### Exercise inputs:
-- Opening Marker --

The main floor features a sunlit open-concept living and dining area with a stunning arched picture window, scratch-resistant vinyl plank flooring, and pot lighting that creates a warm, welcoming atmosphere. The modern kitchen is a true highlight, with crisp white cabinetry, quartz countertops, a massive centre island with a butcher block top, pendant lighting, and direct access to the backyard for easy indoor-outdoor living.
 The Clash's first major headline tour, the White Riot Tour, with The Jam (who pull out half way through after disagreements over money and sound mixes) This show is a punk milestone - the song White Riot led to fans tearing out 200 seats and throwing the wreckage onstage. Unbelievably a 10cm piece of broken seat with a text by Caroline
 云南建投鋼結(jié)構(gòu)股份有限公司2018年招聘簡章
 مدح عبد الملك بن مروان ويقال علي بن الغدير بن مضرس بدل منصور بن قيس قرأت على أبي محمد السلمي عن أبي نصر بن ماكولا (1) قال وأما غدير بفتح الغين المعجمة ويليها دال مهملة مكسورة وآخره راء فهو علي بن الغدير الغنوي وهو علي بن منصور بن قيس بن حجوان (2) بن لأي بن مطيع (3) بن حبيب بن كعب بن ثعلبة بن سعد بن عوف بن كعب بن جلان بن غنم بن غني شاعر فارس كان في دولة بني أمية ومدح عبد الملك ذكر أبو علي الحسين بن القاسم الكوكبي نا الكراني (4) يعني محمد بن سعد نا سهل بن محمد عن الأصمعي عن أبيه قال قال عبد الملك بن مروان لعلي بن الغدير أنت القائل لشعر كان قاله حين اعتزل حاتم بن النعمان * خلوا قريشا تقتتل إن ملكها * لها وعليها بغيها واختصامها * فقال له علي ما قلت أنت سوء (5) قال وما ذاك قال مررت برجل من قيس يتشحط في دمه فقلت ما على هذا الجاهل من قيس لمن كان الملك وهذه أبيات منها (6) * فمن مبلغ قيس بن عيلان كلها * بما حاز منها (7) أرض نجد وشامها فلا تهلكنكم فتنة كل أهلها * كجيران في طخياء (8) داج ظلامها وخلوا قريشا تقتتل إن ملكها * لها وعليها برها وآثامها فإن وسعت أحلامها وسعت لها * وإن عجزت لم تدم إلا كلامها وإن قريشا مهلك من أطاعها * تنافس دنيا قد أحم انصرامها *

-- Closing Marker --
-- Opening Marker --

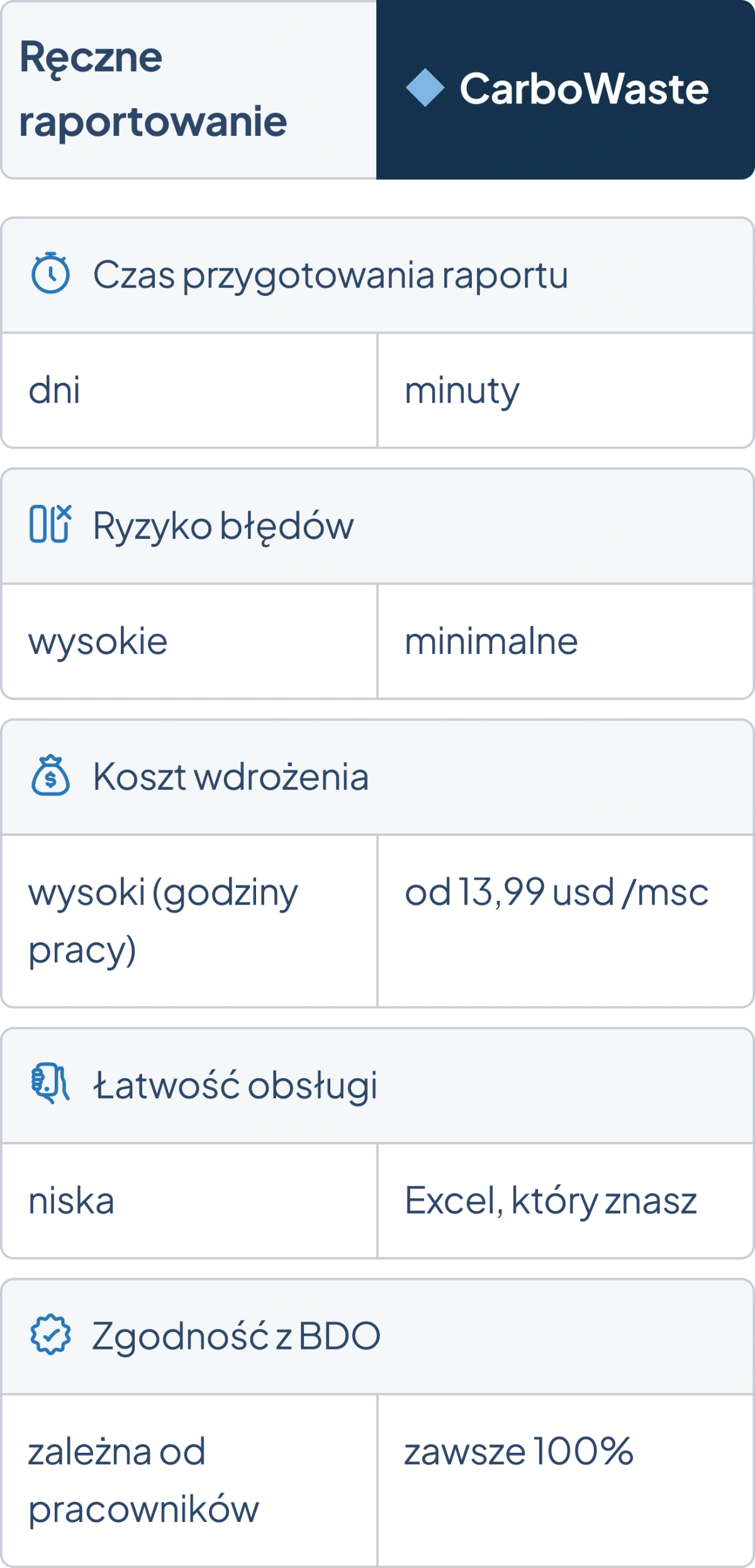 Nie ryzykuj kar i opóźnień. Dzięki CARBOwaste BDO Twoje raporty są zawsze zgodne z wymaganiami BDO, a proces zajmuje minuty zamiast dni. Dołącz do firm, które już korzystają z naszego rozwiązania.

-- Closing Marker --
-- Opening Marker --

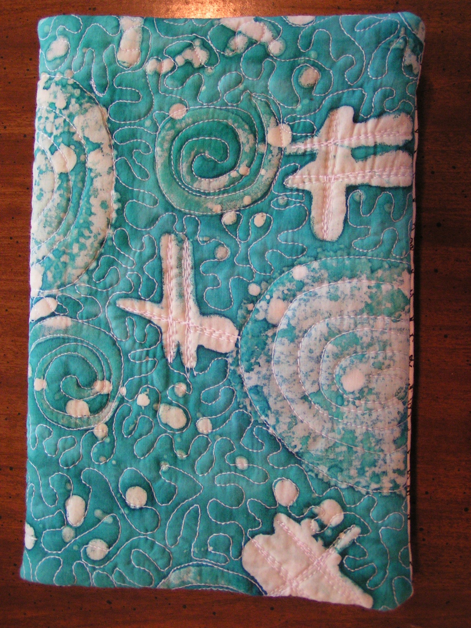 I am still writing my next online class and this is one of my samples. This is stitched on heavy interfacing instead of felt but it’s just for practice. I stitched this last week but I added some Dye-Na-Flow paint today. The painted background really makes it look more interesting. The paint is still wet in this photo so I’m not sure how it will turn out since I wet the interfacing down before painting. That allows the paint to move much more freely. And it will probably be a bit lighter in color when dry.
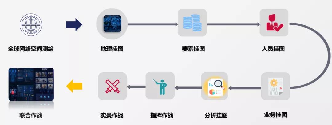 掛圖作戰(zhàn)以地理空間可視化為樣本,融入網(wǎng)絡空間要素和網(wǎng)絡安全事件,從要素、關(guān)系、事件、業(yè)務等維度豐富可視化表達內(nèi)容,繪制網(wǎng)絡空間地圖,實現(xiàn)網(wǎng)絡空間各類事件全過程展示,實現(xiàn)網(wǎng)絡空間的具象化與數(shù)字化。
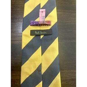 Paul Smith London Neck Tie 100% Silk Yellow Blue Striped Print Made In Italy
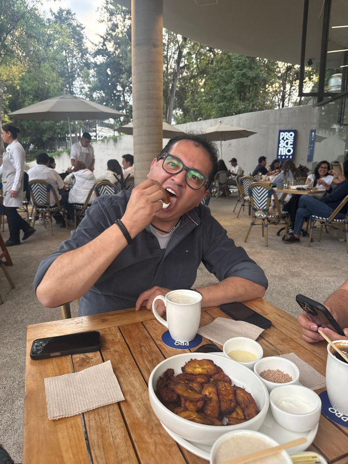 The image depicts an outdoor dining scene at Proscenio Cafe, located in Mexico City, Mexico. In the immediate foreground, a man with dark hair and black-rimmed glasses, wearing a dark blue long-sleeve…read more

-- Closing Marker --

### Prompt:
In the records above, find the line with "Paul Smith London". Print exactly from there through the line with "The image depicts", minus the pictures.

### Solution to this exercise:
 Paul Smith London Neck Tie 100% Silk Yellow Blue Striped Print Made In Italy
 The image depicts an outdoor dining scene at Proscenio Cafe, located in Mexico City, Mexico. In the immediate foreground, a man with dark hair and black-rimmed glasses, wearing a dark blue long-sleeve…read more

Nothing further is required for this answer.